7. Sequencing recommendation¶
Phases are ordered by dogfood cost, not by user-pain ranking. The authoring contract (§ 2.2) makes dogfood-feasibility the binding constraint — a higher-pain guide we cannot validate yet is later in the queue than a lower-pain guide we can ship now.
| Phase | Guides | Dogfood cost | Rationale |
|---|---|---|---|
| Phase 1 — zero / minimal new setup | §3.3 (local-dev emulators), §3.7 (SQLite sidebar), §3.4 (SFTP reliability) | Already in CI; laptop-only | Can start immediately; proves the authoring contract end-to-end on low-risk targets |
| Phase 2 — free-tier accounts | §3.1 (S3-compatible: MinIO + R2 + B2 scope), §3.6 (credential rotation, non-Azure halves), §3.2-SFTP-half (prefetch tuning) | Account signup; no budget | Sign up R2 + B2 free-tier accounts; reuse §3.1 buckets for §3.6 rotation tests |
| Phase 3 — budgeted dogfood | §3.2-S3-half (5 GB cliff — AWS budget), §3.5 (Azure keyless — subscription + RBAC), §3.6-Azure-half | Real AWS / Azure spend | Defer until access is confirmed; do not start writing without it |
| Tier-2 sidebars | s3.md, sftp.md, azure.md, azure-hns-setup.md additions |
Negligible | Fold into adjacent Tier-1 PRs wherever the relevant page is already being edited |
Phase 1 candidates can ship in parallel and are mutually independent. Phase 2 candidates depend on the free-tier accounts being provisioned once; after that they are independent. Phase 3 is gated on §8 Q5.
8. Open questions¶
-
One PR or many? Each guide is a self-contained addition; per-guide PRs are easier to review but lose the consistency a single sweep would give. Recommendation: per-Tier-1-guide PR, with sidebar mop-up rolled into whichever PR touches the relevant backend page.
-
Guide template. The two existing guides (
azure-hns-setup.md,sftp.md) have slightly different shapes. Extract a shared template (Prerequisites → Setup → Verification → Troubleshooting → Out of scope) before authoring the next one? Recommendation: yes, but cheap — derive from the structure both existing guides already converge on; do not over-engineer. -
Per-guide ownership. Each guide needs a backlog item of its own when picked up. ID-199 (this proposal) is the parent; per-guide IDs split off as work begins. Recommendation: defer per-guide IDs until each guide is committed to.
-
Code-side flags (§6). Should the third-S3-lane question be folded into ID-114 (iceboxed PyArrow bucket-path research) or get its own ID? Recommendation: own ID — different design question, different evidence base.
-
Dogfood budget and access (gates Phase 3). §3.5 (Azure keyless) requires a real Azure subscription with elevated RBAC plus vNet / private-endpoint provisioning rights. §3.2's S3 5 GB sub-section requires an AWS bucket and ~10 GB of write traffic. Two paths: (a) authorize the spend / access up front and queue Phase 3 immediately after Phase 2; (b) ship Phase 1 + Phase 2 only and re-evaluate Phase 3 once user pain on those sections is confirmed or fades. Recommendation: (b) — ship what we can dogfood now, treat Phase 3 as an explicit follow-on decision rather than an assumption.

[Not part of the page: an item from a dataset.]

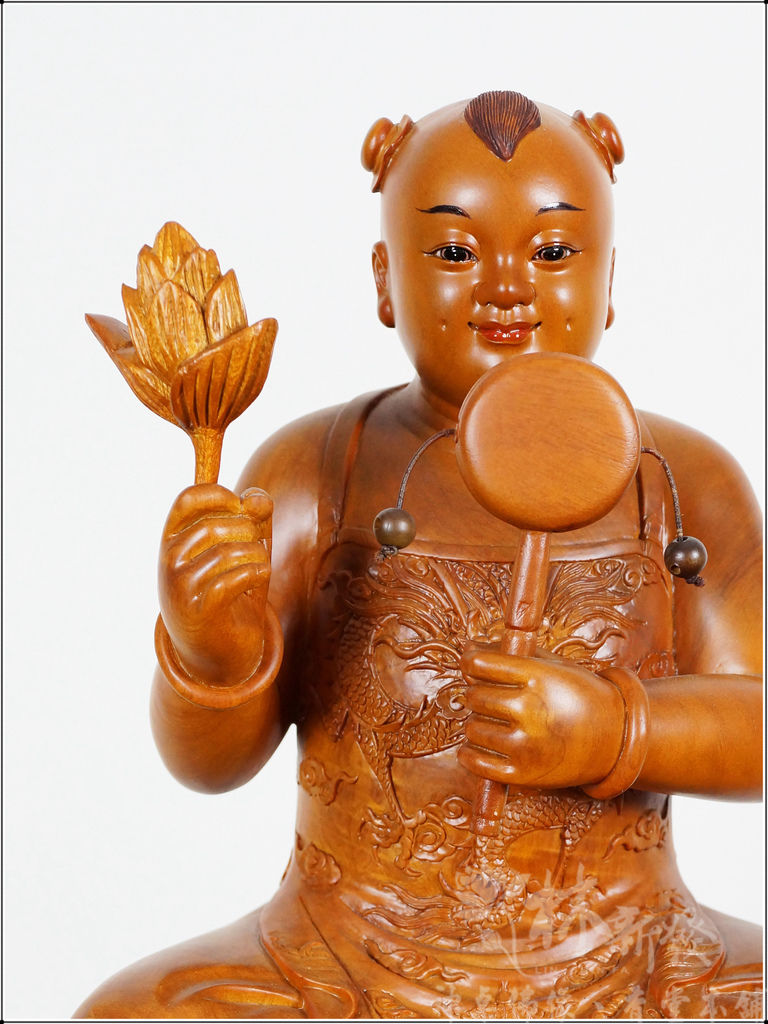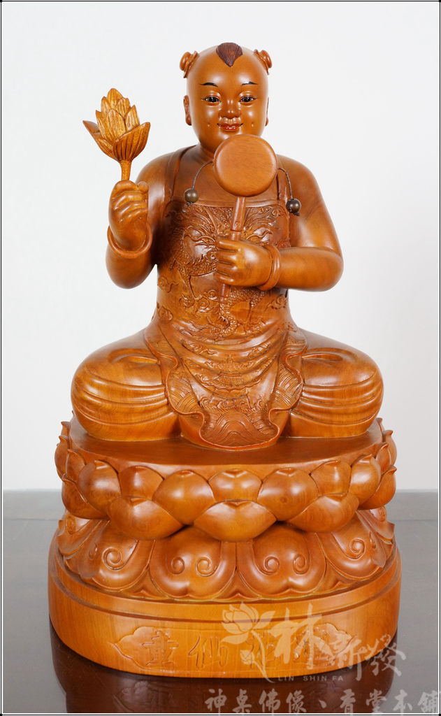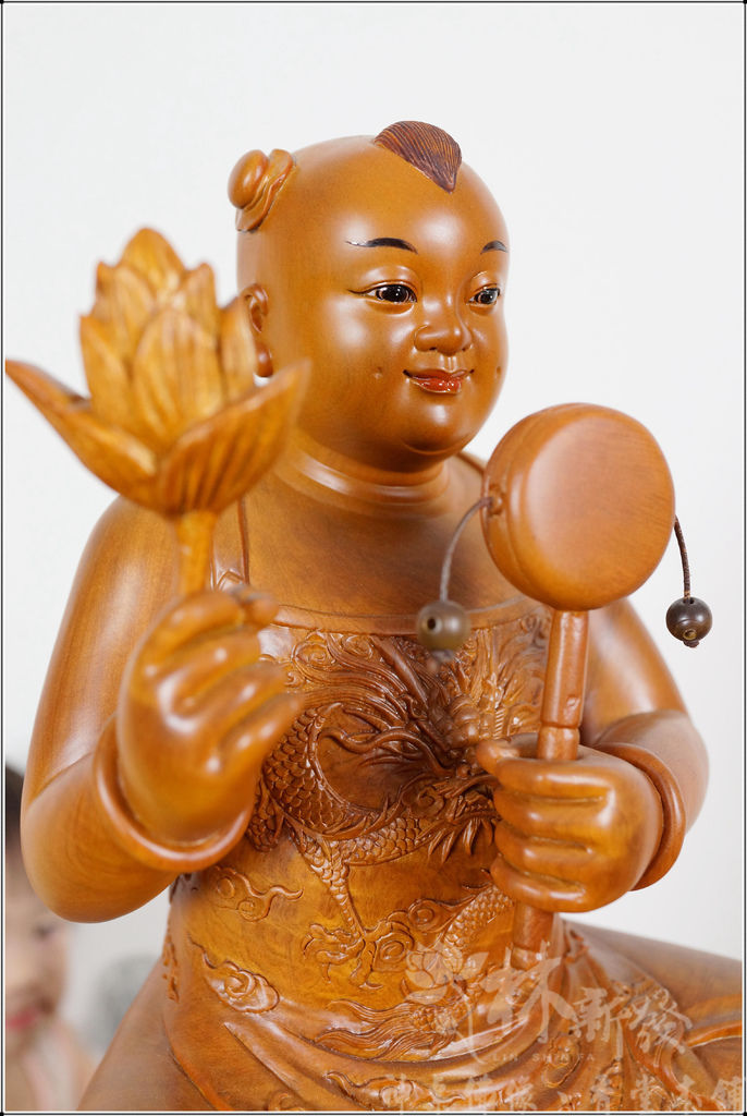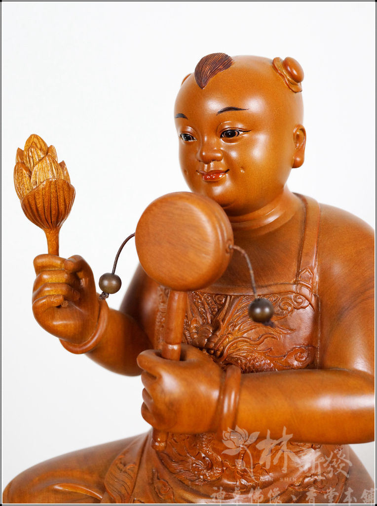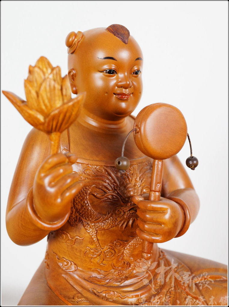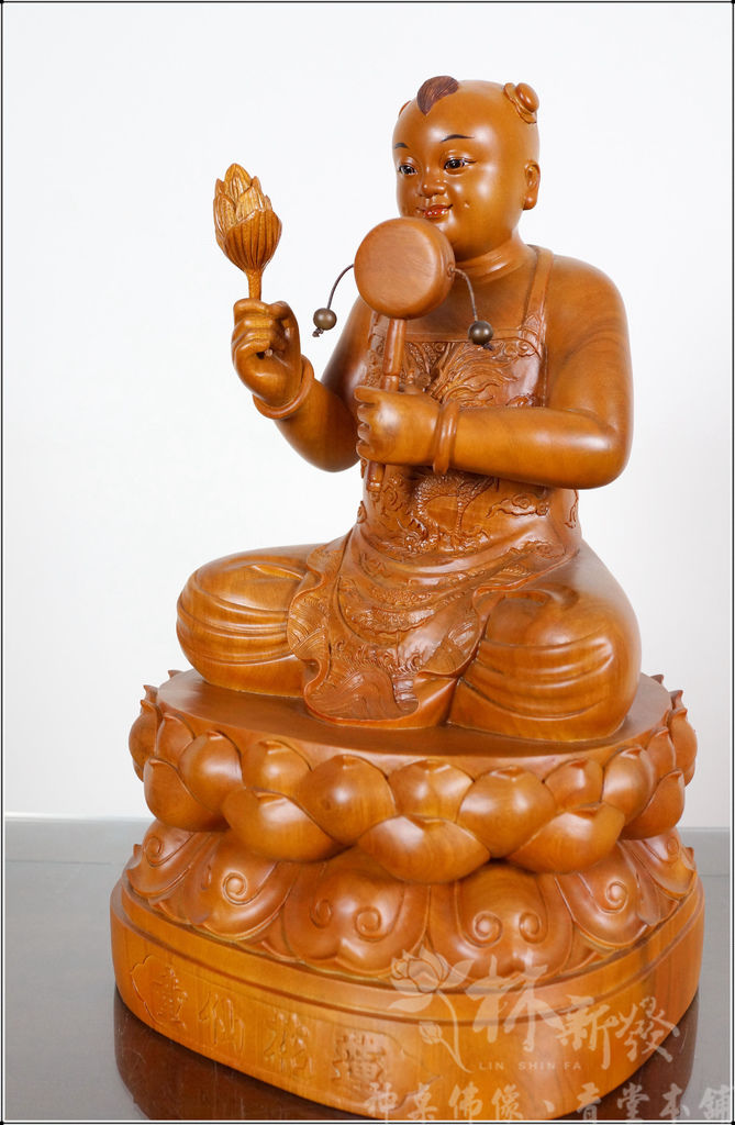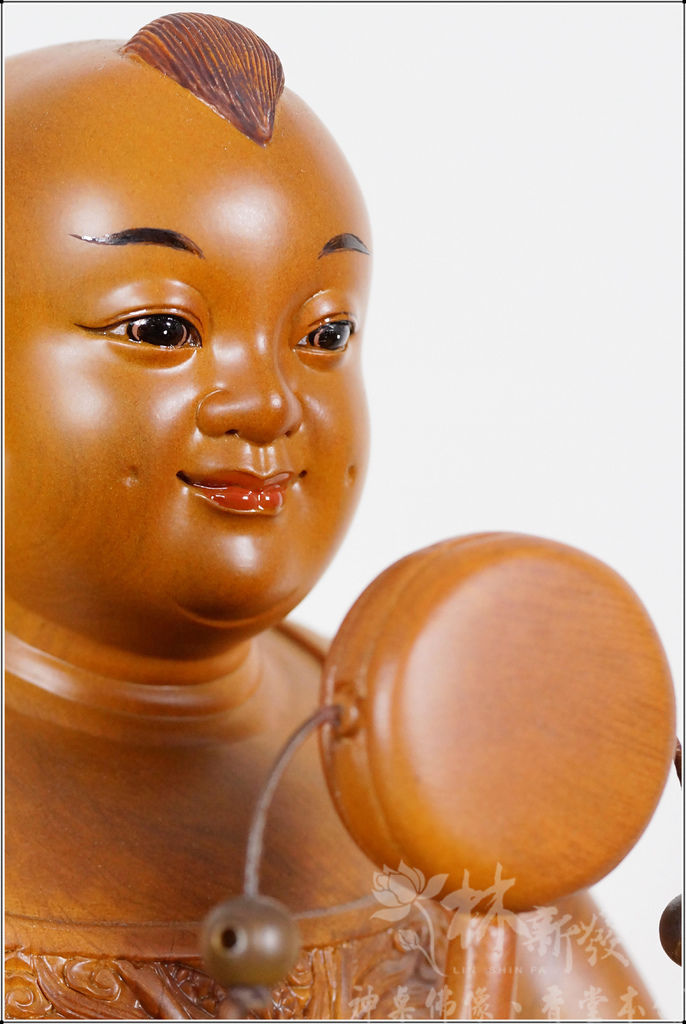 蓮花仙童真的超可愛,手上拿著童玩木鼓也是我們用梢楠木雕刻的喔~

This research is advisory per
CLAUDE.md § Audits Rule 3 ("an audit's
authority is its diagnosis; its prescription is advisory"). The
diagnosis — seven pain themes with cross-validated evidence — is what to
trust. The proposed guide structure, scope boundaries, and sequencing
are starting points to challenge during pick-up.